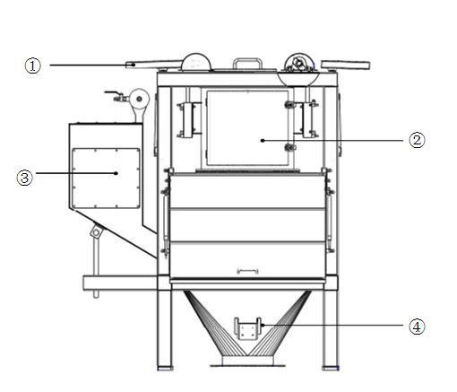 ①拍打裝置?? ②受料倉(cāng)組件?? ③收塵組件?? ④投料站倉(cāng)體
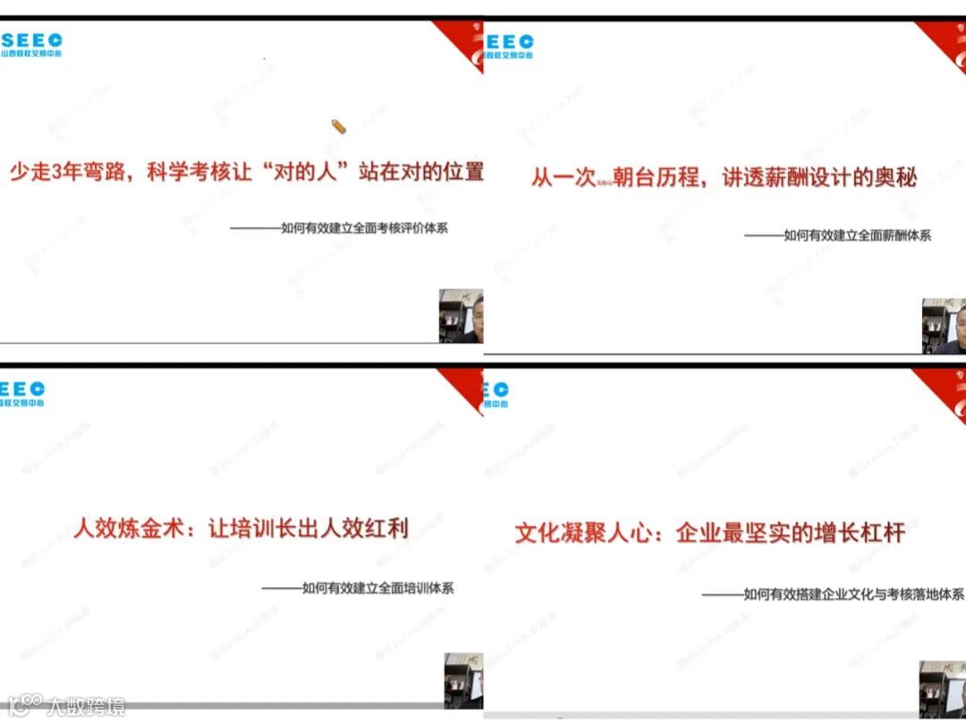 为帮助企事业单位提升人力资源管理专业水平,增强人力资源从业者的核心技能,山西股权交易中心联合山西德正天成人力资源有限公司特开展线上“1117人事管理体系”系列课程。该系列课程自7月10日起每周五线上开讲,目前已圆满完成全八期课程,累计观看人数达1000人。吸引了企业决策层、中层管理骨干及人力资源从业者等众多目标群体参与,为破解企业人才和用人难题、提升人力资源管理效能提供了有力支撑。
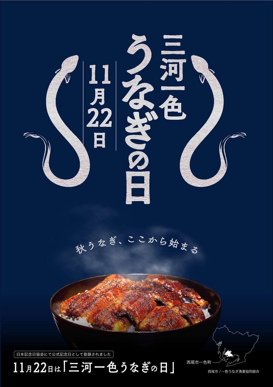 西尾市・市内生産者・卸売業者・鰻取扱店舗が一体となって、『三河一色うなぎ』がワンランク上の付加価値を有するブランド鰻であることを全国の消費者・流通関係者に共感してもらうため、地域ブランド『一色産うなぎ』の認定日でもある11月22日を、『三河一色うなぎの日』として日本記念日協会に登録しました。
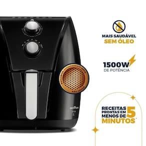 A Air Fryer conta com a tecnologia Air Flow 360°, que promove a circulação de ar ideal para cozinhar seus alimentos de forma rápida e uniforme. Ela possui base antiderrapante, garantindo segurança durante o uso, e atinge temperatura máxima de 200°C. Um indicador LED sinaliza o funcionamento do aparelho.
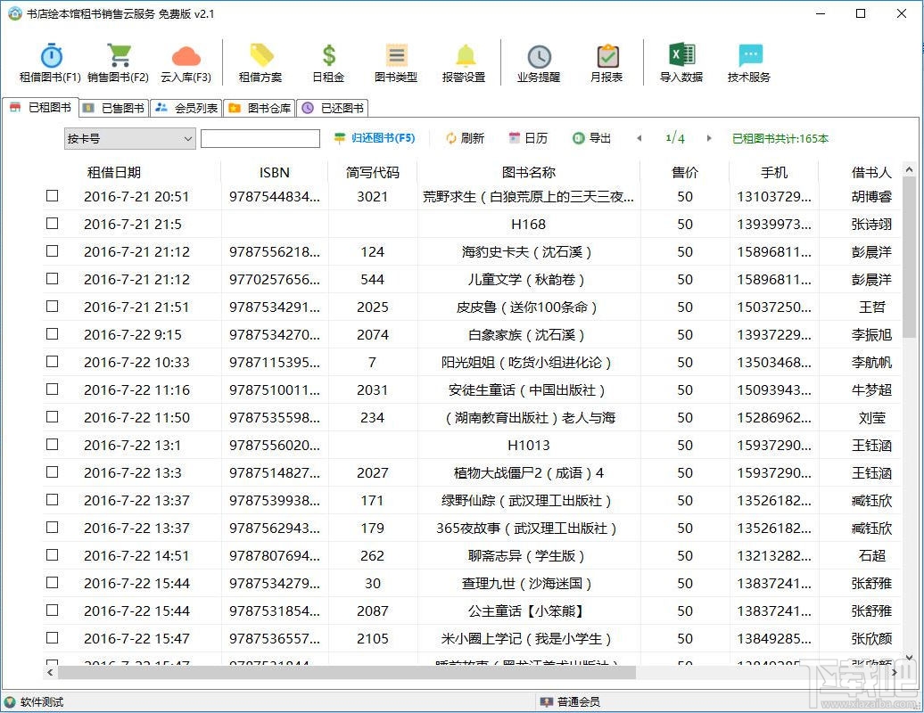 还在为入库图书烦恼吗?只要您使用扫描枪一扫即入库!书店绘本馆租书销售云服务是一款能够管理书店出租的软件。软件有强大的云服务器确保每名会员借书数量以及金额准确无比,并且有多种租借方案,满足您书店绘本馆对会员多种需求。每当书店出租一本书库存自动会减1,归还后会加1,销售亦是如此,软件还具有库存报警机制,从此您无需担心店内图书库存还有多少。
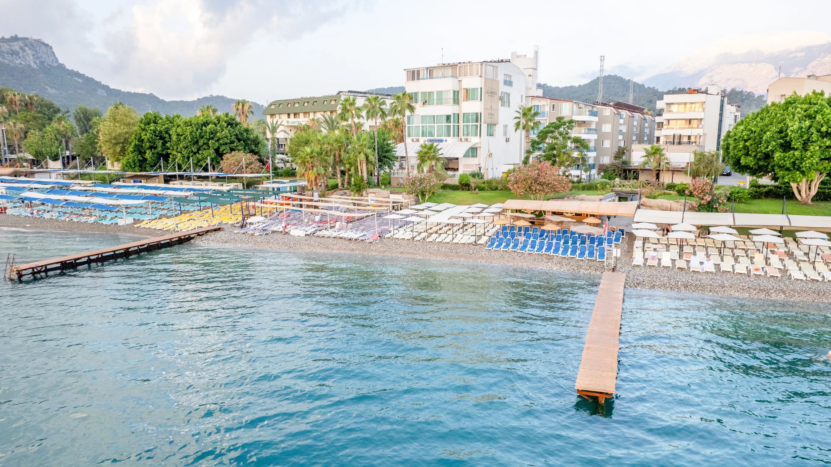 fantastiskt läge direkt vid Kemers vackra klapperstensstrand och beläget på den
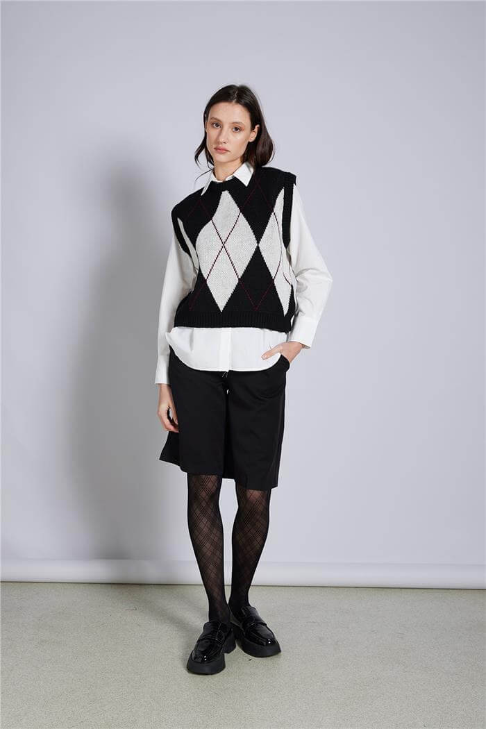 Avrile Gömlekli Baklava Desen Süveter SİYAH-TAŞ A92609-S (A92609-S)
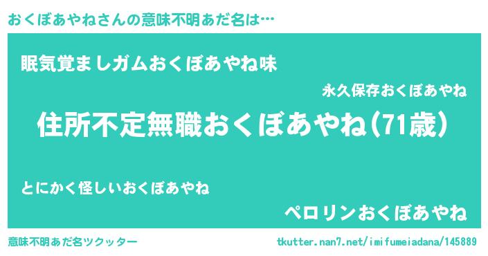 | 胡散臭い通販商品みたいなあだ名 | 『ハリウッド女優が絶賛した世界で10本だけ現存している希少なブランデー…その名も「おくぼあやね」』 |
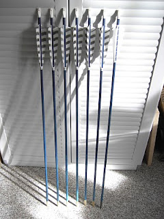 Finally got the nocks and was able to finish my first two sets of arrows. And the best is that I already tested them and they are perfect! So after the indoor testing they will go outdoors tomorrow. I'm so happy that they're finally finished! :-)
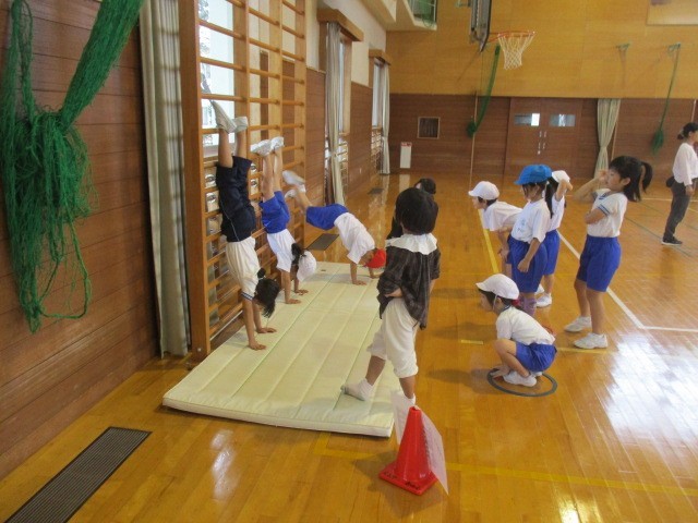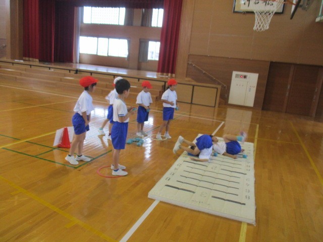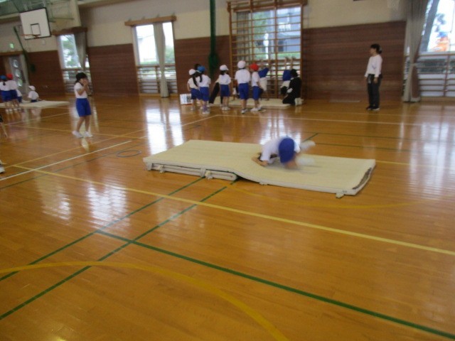 1・2年生の5時間目は、体育科の学習でした。体育館でマット運動をしていました。
================
*Required action*
When you reproduce the data shown above, keep each line exact and omit every picture.

*Solved exercise*
 ①拍打裝置?? ②受料倉(cāng)組件?? ③收塵組件?? ④投料站倉(cāng)體
 为帮助企事业单位提升人力资源管理专业水平,增强人力资源从业者的核心技能,山西股权交易中心联合山西德正天成人力资源有限公司特开展线上“1117人事管理体系”系列课程。该系列课程自7月10日起每周五线上开讲,目前已圆满完成全八期课程,累计观看人数达1000人。吸引了企业决策层、中层管理骨干及人力资源从业者等众多目标群体参与,为破解企业人才和用人难题、提升人力资源管理效能提供了有力支撑。
 西尾市・市内生産者・卸売業者・鰻取扱店舗が一体となって、『三河一色うなぎ』がワンランク上の付加価値を有するブランド鰻であることを全国の消費者・流通関係者に共感してもらうため、地域ブランド『一色産うなぎ』の認定日でもある11月22日を、『三河一色うなぎの日』として日本記念日協会に登録しました。
 A Air Fryer conta com a tecnologia Air Flow 360°, que promove a circulação de ar ideal para cozinhar seus alimentos de forma rápida e uniforme. Ela possui base antiderrapante, garantindo segurança durante o uso, e atinge temperatura máxima de 200°C. Um indicador LED sinaliza o funcionamento do aparelho.
 还在为入库图书烦恼吗?只要您使用扫描枪一扫即入库!书店绘本馆租书销售云服务是一款能够管理书店出租的软件。软件有强大的云服务器确保每名会员借书数量以及金额准确无比,并且有多种租借方案,满足您书店绘本馆对会员多种需求。每当书店出租一本书库存自动会减1,归还后会加1,销售亦是如此,软件还具有库存报警机制,从此您无需担心店内图书库存还有多少。
 fantastiskt läge direkt vid Kemers vackra klapperstensstrand och beläget på den
 Avrile Gömlekli Baklava Desen Süveter SİYAH-TAŞ A92609-S (A92609-S)
 | 胡散臭い通販商品みたいなあだ名 | 『ハリウッド女優が絶賛した世界で10本だけ現存している希少なブランデー…その名も「おくぼあやね」』 |
 Finally got the nocks and was able to finish my first two sets of arrows. And the best is that I already tested them and they are perfect! So after the indoor testing they will go outdoors tomorrow. I'm so happy that they're finally finished! :-)
 1・2年生の5時間目は、体育科の学習でした。体育館でマット運動をしていました。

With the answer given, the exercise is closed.